[TASK INPUTS Boundary: Start]
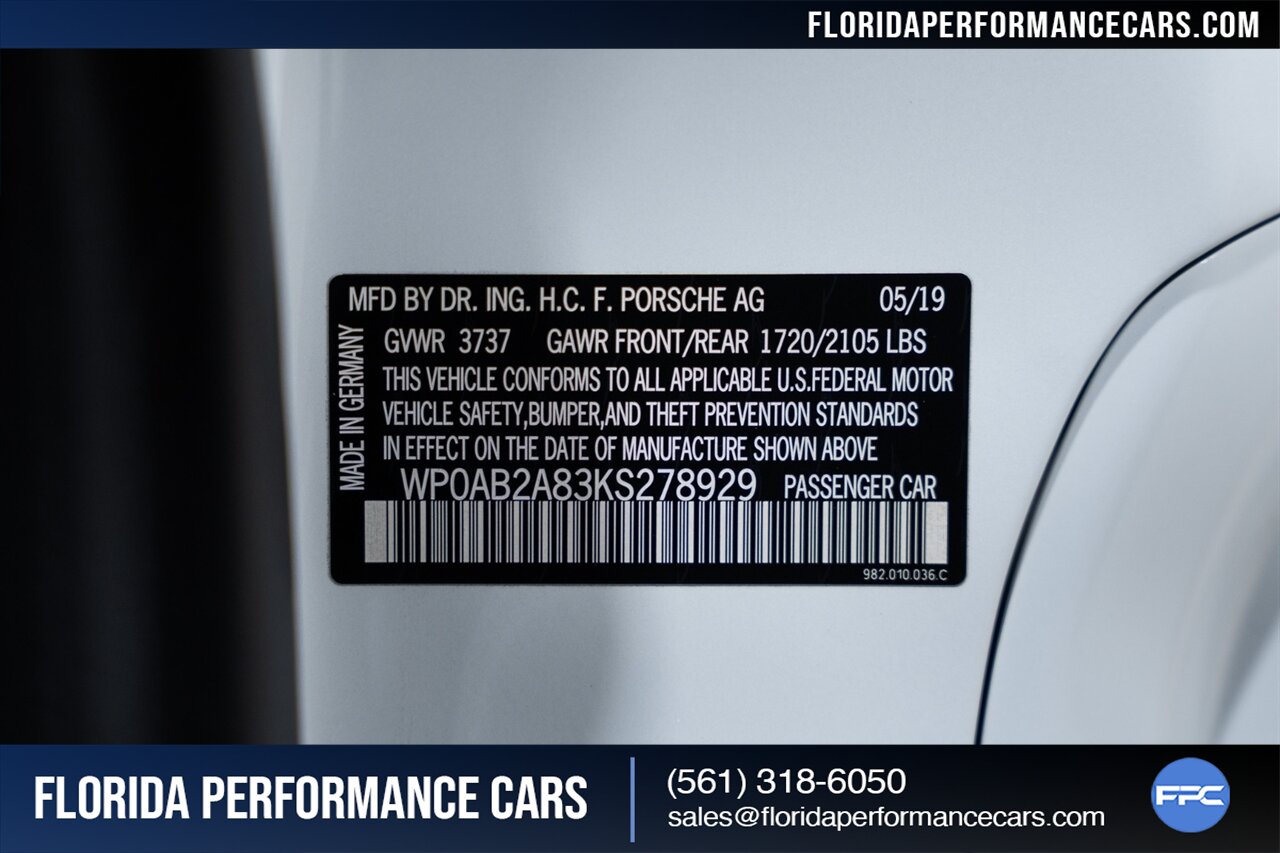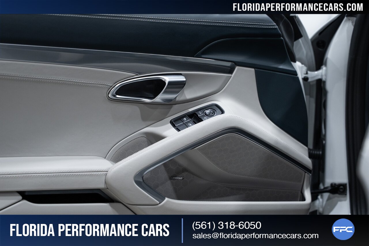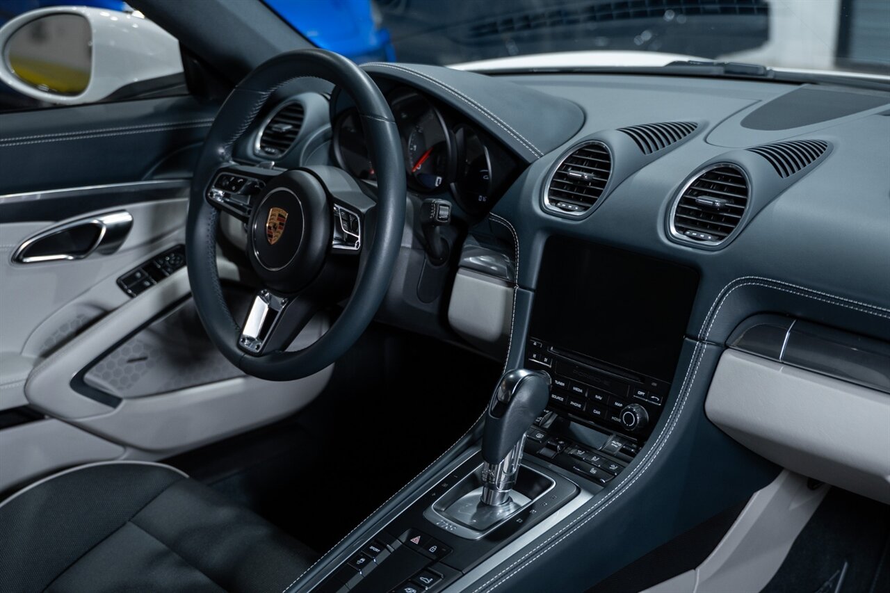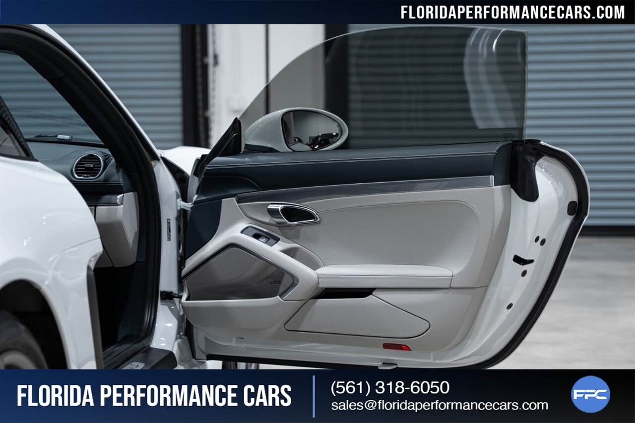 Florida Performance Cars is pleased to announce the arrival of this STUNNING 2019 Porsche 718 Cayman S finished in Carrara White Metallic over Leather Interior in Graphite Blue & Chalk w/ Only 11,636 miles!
[TASK INPUTS Boundary: End]
[TASK INPUTS Boundary: Start]
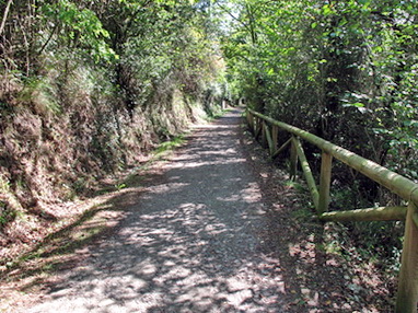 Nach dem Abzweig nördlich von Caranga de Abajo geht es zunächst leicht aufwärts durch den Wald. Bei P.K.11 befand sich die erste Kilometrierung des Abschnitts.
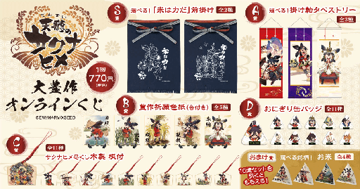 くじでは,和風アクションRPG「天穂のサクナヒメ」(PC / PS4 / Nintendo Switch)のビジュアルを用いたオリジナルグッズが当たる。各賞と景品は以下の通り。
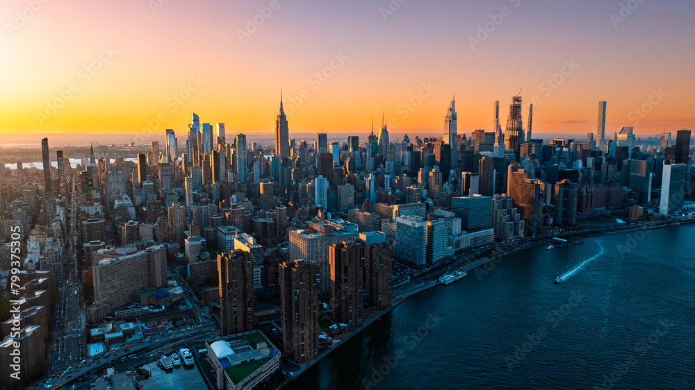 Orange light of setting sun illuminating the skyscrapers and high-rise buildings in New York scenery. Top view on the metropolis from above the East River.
[TASK INPUTS Boundary: End]
» WHAT IS BEING ASKED:
Although pictures appear among the records above, none are to be output; print exactly the lines from the line containing "くじでは,和風アクションRPG「天穂のサクナヒメ」(PC / PS4" through the line containing "Orange light of".

» TASK ANSWER:
 くじでは,和風アクションRPG「天穂のサクナヒメ」(PC / PS4 / Nintendo Switch)のビジュアルを用いたオリジナルグッズが当たる。各賞と景品は以下の通り。
 Orange light of setting sun illuminating the skyscrapers and high-rise buildings in New York scenery. Top view on the metropolis from above the East River.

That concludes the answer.